Obviously, smoking is bad for you and stopping is a good thing.  But probably the major downside to stopping smoking is people often gain weight.

Research has shown that while the majority of people who quit smoking gain weight there is considerable variability in the amount of weight gain.  One of the biggest predictors of how much weight you gain depends on how much you smoked, to begin with, so those who smoke more cigarettes will probably put on more weight when they stop.  Some studies show that the average weight gain is about 2.6kg or 5.7 lbs, with about 10% of men and 13% of women gaining 10 kg or greater after quitting, and often those who did put on the most weight were the most overweight, to begin with.

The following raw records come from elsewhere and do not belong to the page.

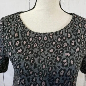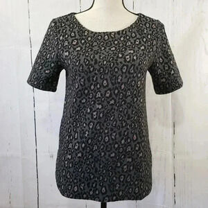 Ann Taylor Loft size XS short sleeve tee. Charcoal grey with leopard/ cheetah print. Rounded neck and hemline. Soft and comfy thick material. Excellent used condition.
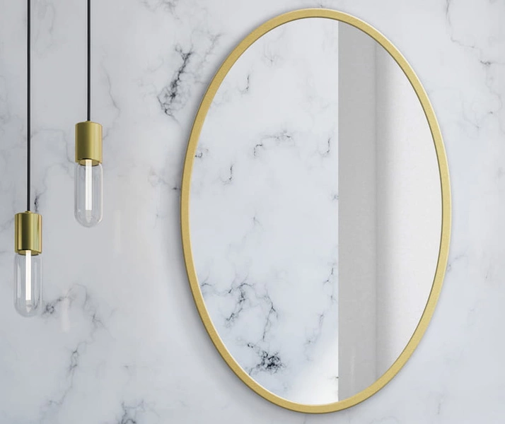 Ramę wykonano z metalu, a następnie została ona pomalowana proszkowo na złoto. Rama lustra jest łatwa w utrzymaniu czystości - wystarczy ją przetrzeć wilgotną szmatką.
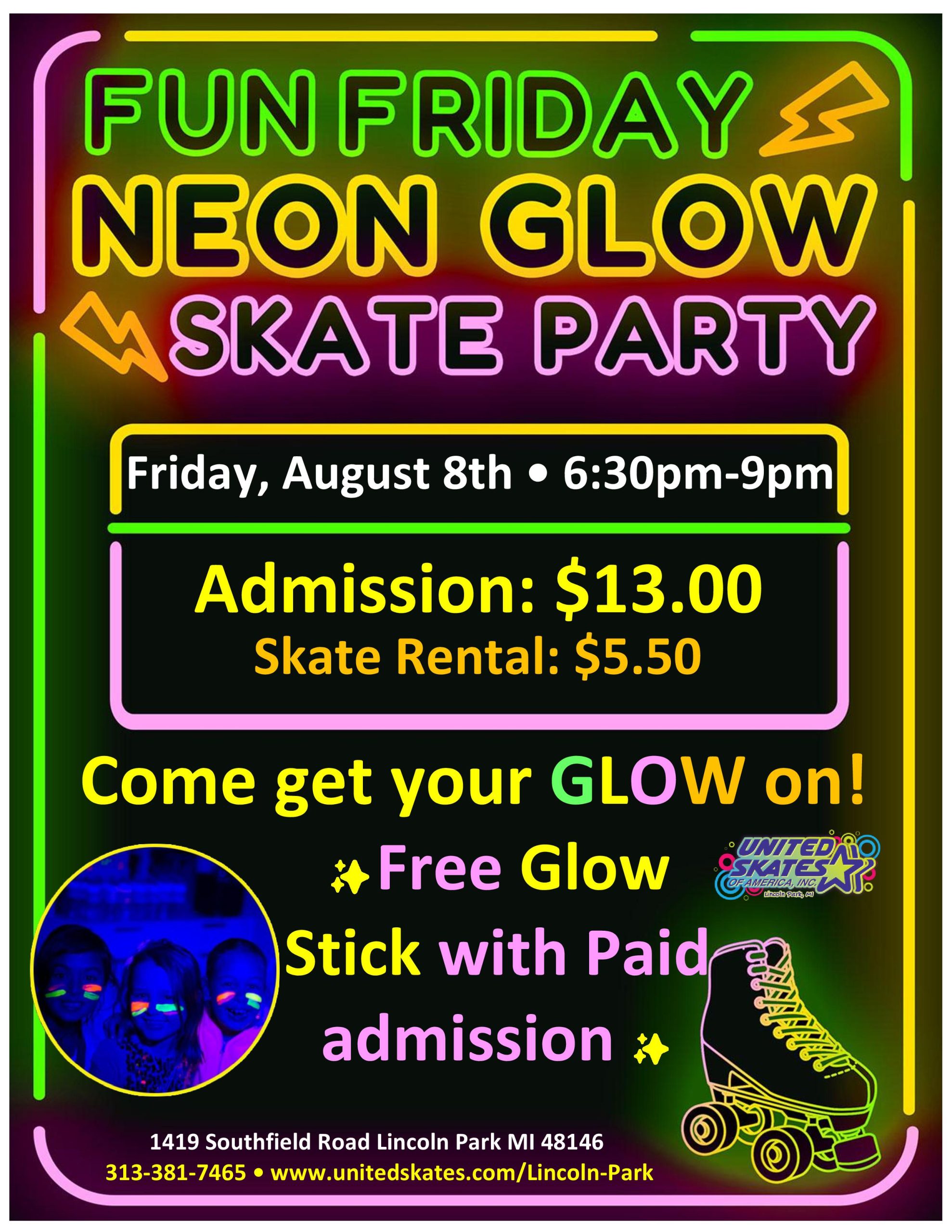 🌟🛼 Neon Friday is Back! 🛼🌟 Get ready to light up the night at our epic Glow-in-the-Dark Skate Party! Join us for Neon Friday, August 8th 6:30pm-9:00pm, where the lights go down and the glow turns up. Skate under black lights, jam to the hottest tracks, and shine all night long! Admission $13.00 Skate Rental $5.50 🎉 Special Bonus:💫 Get a FREE glow […] |
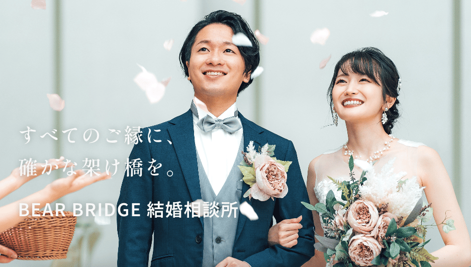 BEAR BRIDGE10:00~18:00 (水・木除く)IBJ正規加盟の小規模相談所で、30年以上の人事経験と3,000件超の面接実績を持つ代表が個別に伴走。IBJの会員データを活かし、対面とオンラインを組み合わせた丁寧なサポートで成婚を目指します。月会費(税込)8,000円/月〜入会金(税込)66,000円〜詳細を見る公式サイトを見るプラン月額(税込)期間要問合せライトプラン¥8,000/月-他3件のプランを見る
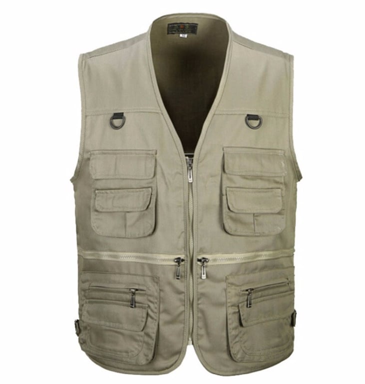 El chaleco es versátil y tiene muchos bolsillos.
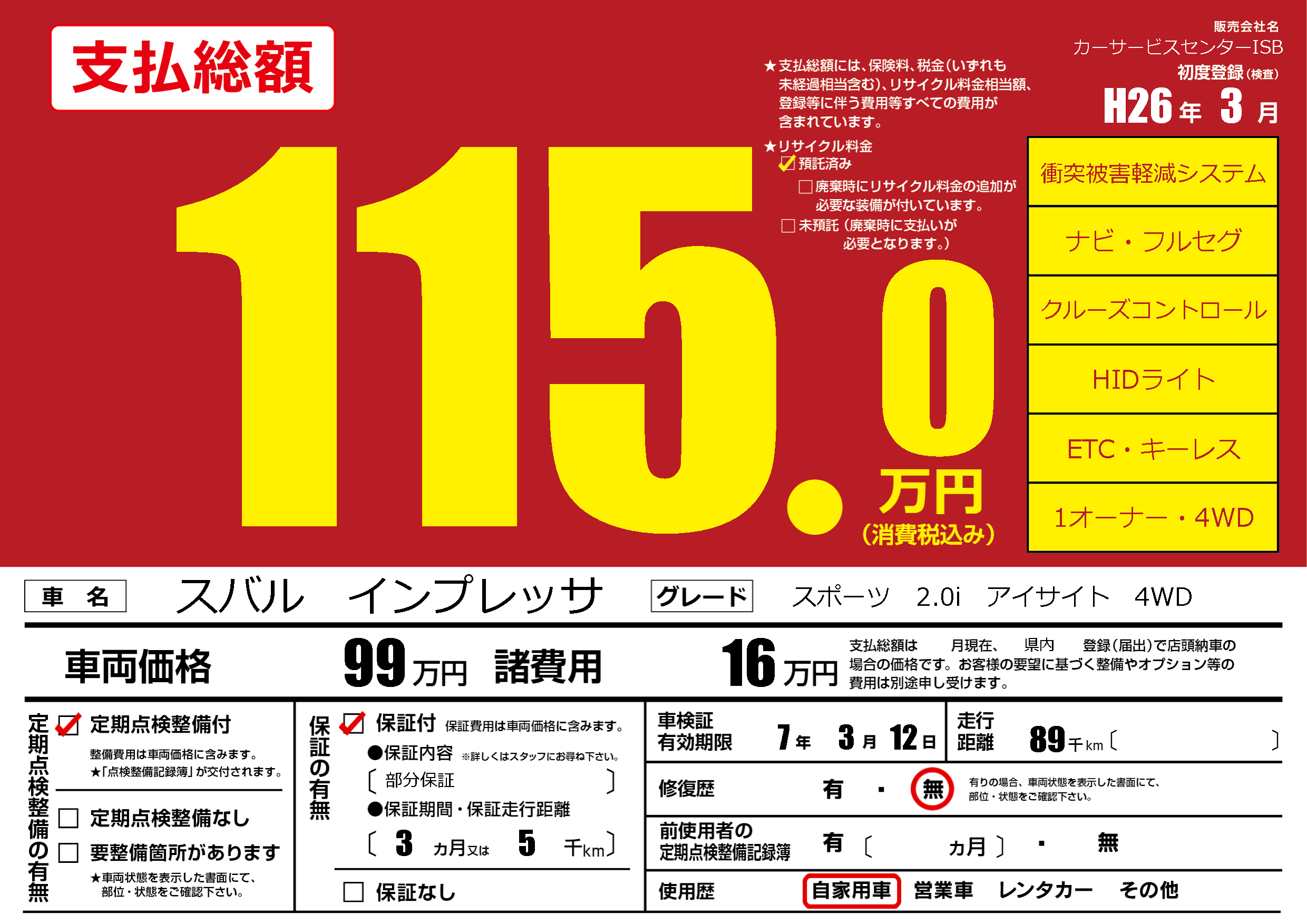| 車検制限 | 7年 3月 12日 | ||

It is not 100% clear why this happens but there appears to be a variety of reasons. Nicotine in cigarettes is a known appetite suppressant so when you stop smoking your appetite for food comes back and in particular for sweet sugary foods. Furthermore, some people find smoking helps with stress so when you stop smoking and don’t fund other ways to help your stress you might eat more to manage your emotions.

To offset this there are a few things that have some evidence to help.  These include personalised weight management programs, like this course with a health coach or a therapist can help you and increase your physical activity.  Whilst I cannot find any evidence for it I also find seeing a psychologist for those who use smoking to help with stress is also important. And in particular, I recommend you start these changes before you quit, so the wheels are in motion by the time you actually stop.